We performed the nikah correctly. I thought it was permissible for a Muslim man to get married to non-Muslim woman. Is that correct?

He hasn't given me my mehr, as was discussed before the marriage and said we were not going to do, was this right? As far as I have researched it is said to be right as long as we agreed beforehand. He left me and our home after three weeks.

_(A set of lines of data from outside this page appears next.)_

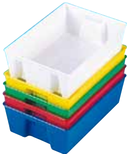
réf. PL-C code 3922 + coloris dim int. L x l x H : 190 x 120 x 50 mm • encastrables et empilables par retournement • rouge, vert, jaune, blanc, bleu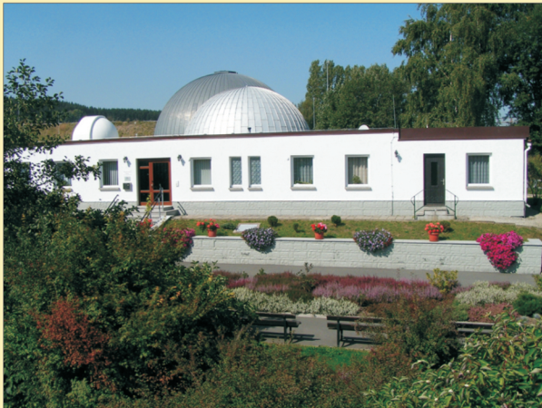
Zeiss-Planetarium und Volkssternwarte Drebach

Streckenlänge: einschließlich Planetenwanderweg / Erdgeschichtslehrpfad ca. 13,5 km.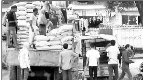
पावटा में खाद की रैक पहुंचने पर किसानों की भीड़ उमड़ी।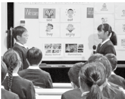
庄原小6年生外国語科の公開授業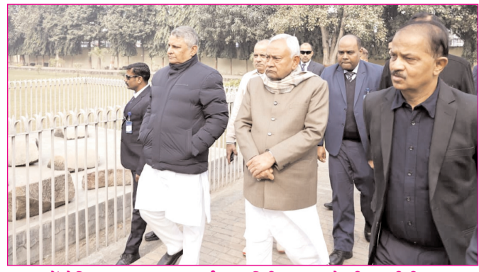
पटना में ऐतिहासिक कुम्हार पार्क का निरीक्षण करते सीएम नीतीश कुमार

* मूल्य : 3.00 रुपये * औरंगाबाद एवं बोकारो से प्रकाशित * www.navbihartime.com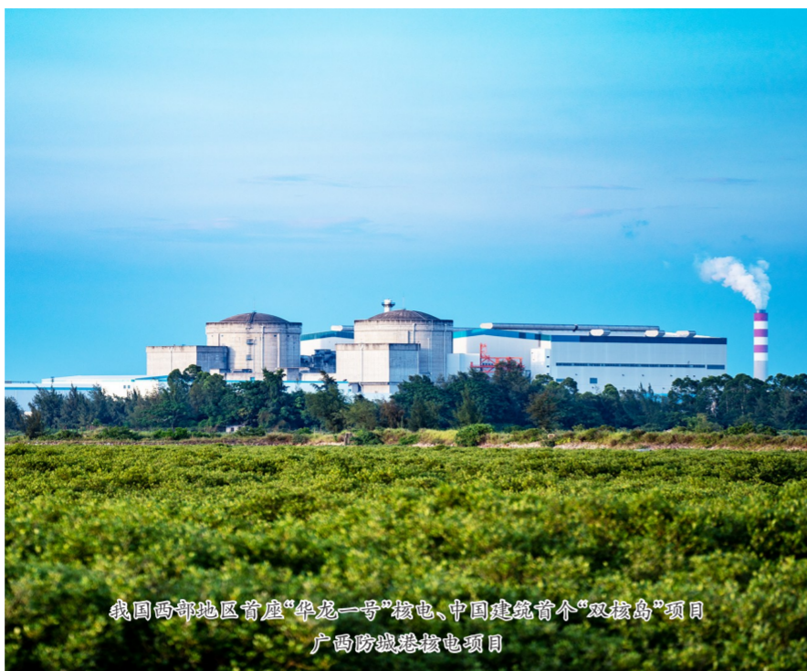
我国西部地区首座“华龙一号”核电、中国建筑首个“双核岛”项目 广西防城港核电项目

中建二局立足“人与自然和谐共生”谋划发展,优化科技研发布局,搭建博士后工作站,建立战略研究、工程研究、设计管理研究“双碳”工作研究体系;成立中国建筑基础设施技术与装备工程研究中心(核电工程),全面开展盘查工作,围绕水环境治理、烟气治理、土壤修复、近海光伏等领域加大核心技术攻关力度,形成百余项国际先进技术成果。主持或参与多项国家及行业近零能耗建筑、零碳建筑等标准规范制定,主编国标《建筑施工过程碳排放应用技术图示》,完成我国第一部针对装配式建筑施工阶段碳排放计算的团体标准《工业化建筑施工阶段碳排放计算标准》;成功建设近零能耗住宅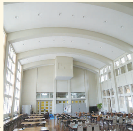
優しい円弧の天井と上部の映写室(100ND)▶

美しい秋の銀杏並木を思い出される方も多いことと思います。この建物は、かつては講堂でしたが、現在は大講義室として使われています。また普段は学生たちがくつろげる大空間としても利用されています。窓枠は正方形を基調にして、端正な構造美を表現しています。全てのガラス窓は、かつて鎖を引っ張ることによって開閉ができていました。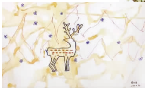
▲用咖啡、茶水制作出的艺术品

  • Why don't you call/visit the institute and clear your doubts, I'm sure they will clear your doubts. This is the only institute I could find which closely matched American Muslim Society. Nov 23, 2013 at 17:58
  • I'm sorry you're going through this. This is a complex question and I encourage you to approach an imam at your local Islamic Center to clarify it. In short, there is no such thing as an "American Muslim Society" that decides whether marriages are official or not. You have a right to your mahr, especially if the marriage was consummated and he was the one who initiated a divorce process.
    – Ansari
    Nov 24, 2013 at 3:09
  • Sorry about what you are facing. Mehr is a token that a man takes full responsibility of financial burdon of the wife and the family. If a person does not give mehr, or try to get away without giving it, it shows that he is not ready or willing to take the actual responsibility.
    – goto
    Nov 25, 2013 at 10:10
  • go to the authority , the Imam which completed your nikah , if he can prove he was right when he did so , then you get your point proven Nov 25, 2013 at 11:43
  • related question: islam.stackexchange.com/questions/10441/… Dec 23, 2013 at 12:13

4 Answers 4


I cannot speak to why your marriage was nullified, but this statement caught my attention:

He hasn't given me my mehr, as was discussed before the marriage and said we were not going to do, was this right?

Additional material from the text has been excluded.